Rotterdam ends art council RRKC

The Rotterdam city council wants to abolish the Rotterdam Council for Art and Culture from 1 January 2023. The RRKC is no longer ‘effective’, the commission judges. At the end of this month, the board will decide definitively whether the subsidy of 700,000 euros to the arts council – six employees – will be discontinued. President Carlos Goncalves is stunned.

The reason for disbanding the council is an evaluation showing that the arts council is trying too hard to be relevant. As a result, ‘relations are damaged and the RRKC has increasingly come to stand on an island’, according to the evaluation ‘Out of the groove’ by consultancy firm Rijnconsult.

Also read: Rotterdam politicians want research after harsh criticism of the local art and culture council

This mainly concerns the relationship of the RRKC with the commission of b. and W. “The alderman (Saïd Kasmi, D66) has been displeased several times about the actions of the RRKC.” The relationship with the officials is also not good. “The cultural sector is suffering from this bad relationship,” the researchers write. Multiple conversations and agreements did not lead to an improvement, says the city council.

“It is a critical report, but not so critical that it justifies the decision to dissolve the RRKC,” said chairman Gonçalves. He does not find it remarkable that there is a clash between the RRKC and the municipality. “That is inherent in the task of an independent advisory body,” says Gonçalves. “A mature board should be happy with solicited and unsolicited advice. With someone who holds up a mirror to them and who looks at the importance of the city and culture.”

Museum Rotterdam

The RRKC has been advising the municipality about art and culture in the city since 2005. The most important task is the four-yearly advice on the distribution of cultural subsidies (a total of 85 million euros per year). That almost meant the end of the Wereldmuseum in 2016 and the end of Museum Rotterdam in 2020. The municipality largely adopted the recommendations.

Also read: College takes advice from culture council to close Museum Rotterdam

Councilor Ruud van der Velden (PvdD) thinks that the RRKC has taken too much of the political seat in recent years. “The advice to close Museum Rotterdam and the Wereldmuseum was political, that is not what they are about.” He is, however, surprised that Kasmi decides to close down the Kunstraad at this very moment. “The timing is not so right. I expect we will have a new lecture within a month, leave it to them.”

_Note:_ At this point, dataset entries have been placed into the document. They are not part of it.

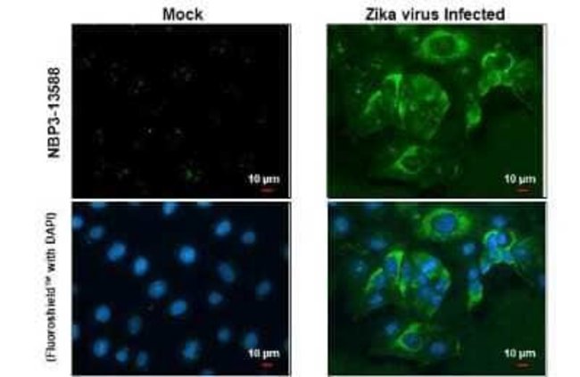 Zika Virus (H/PF/2013) Envelope Monoclonal antibody specifically detects Zika Virus (H/PF/2013) Envelope in Virus samples. It is validated for Western Blot, ELISA, Immunofluorescence, ELISA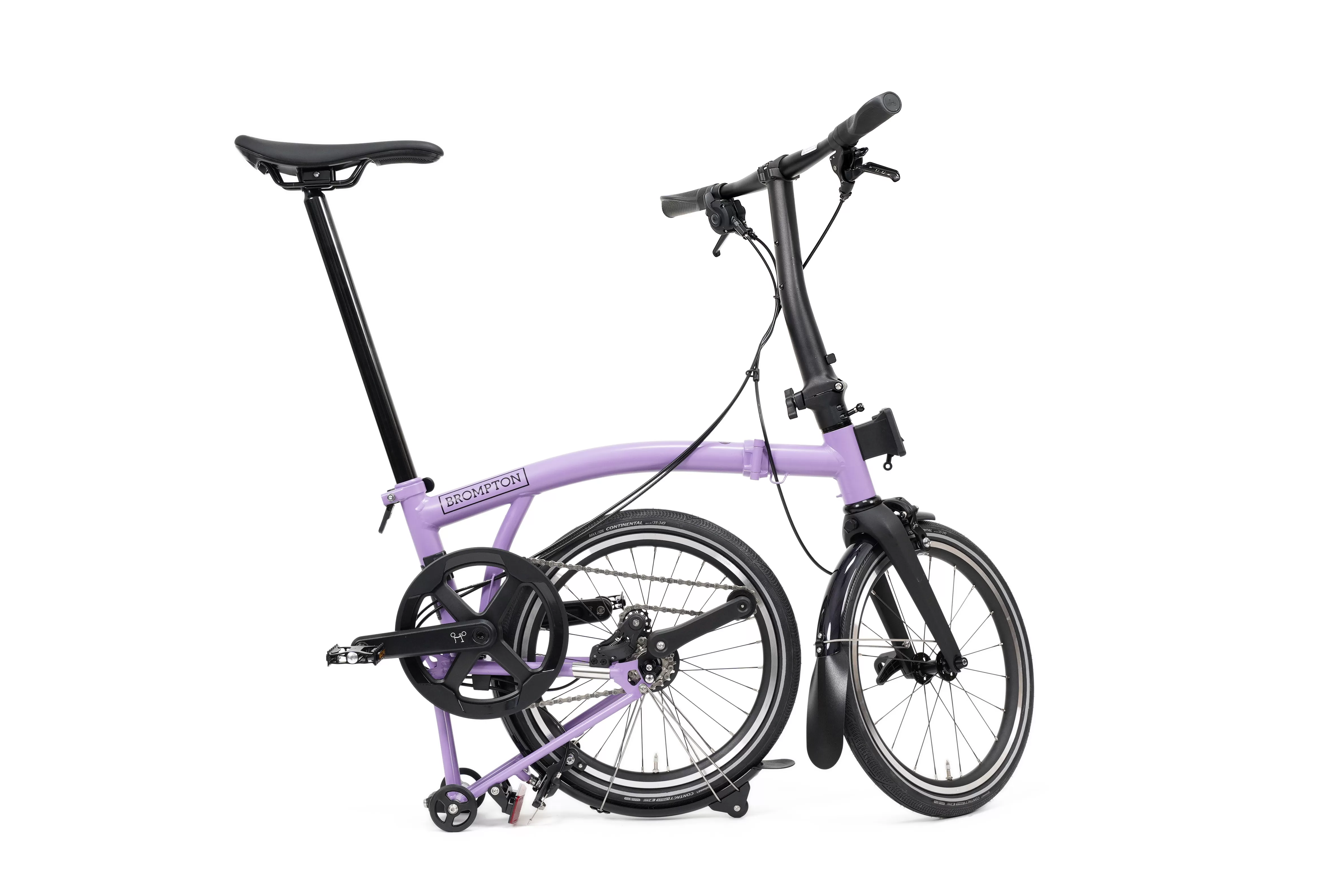 Các vật dụng trang bị theo xe: Chắn bùn trước – sau, phản quang trước-sau, gá treo túi Brompton phía trước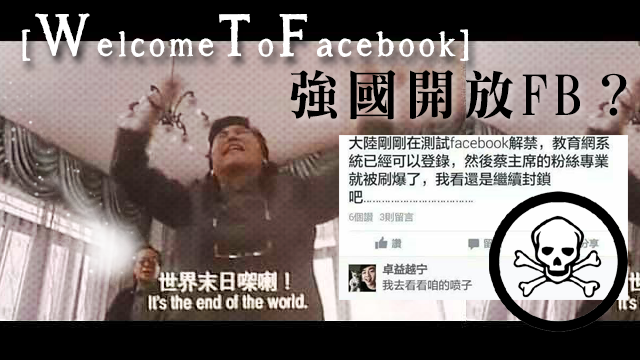蔡英文見到自己咁受強國人歡迎,都喺FB post咗篇歡迎佢哋嘅說話。毛毛都好想同班強國人講句WTF,Welcome to Facebook呀!不過唔知佢哋聽唔聽得明呢?

Goncalves also calls this ‘bizarre’. “Why the rush?” He believes that the municipality does not comply with agreements. “We were promised that a new council would decide on the RRKC and we would be heard extensively, which did not happen.”

Kasmi says through his spokesperson that the Board has experienced the RRKC in this way over the past four years and makes a decision based on that. “She won’t leave it to a new college that can’t decide yet.”

From now on, the municipality will seek advice from the cultural sector itself or will call in advisers for advice. Rotterdam also wants to allocate 700,000 euros per year for this.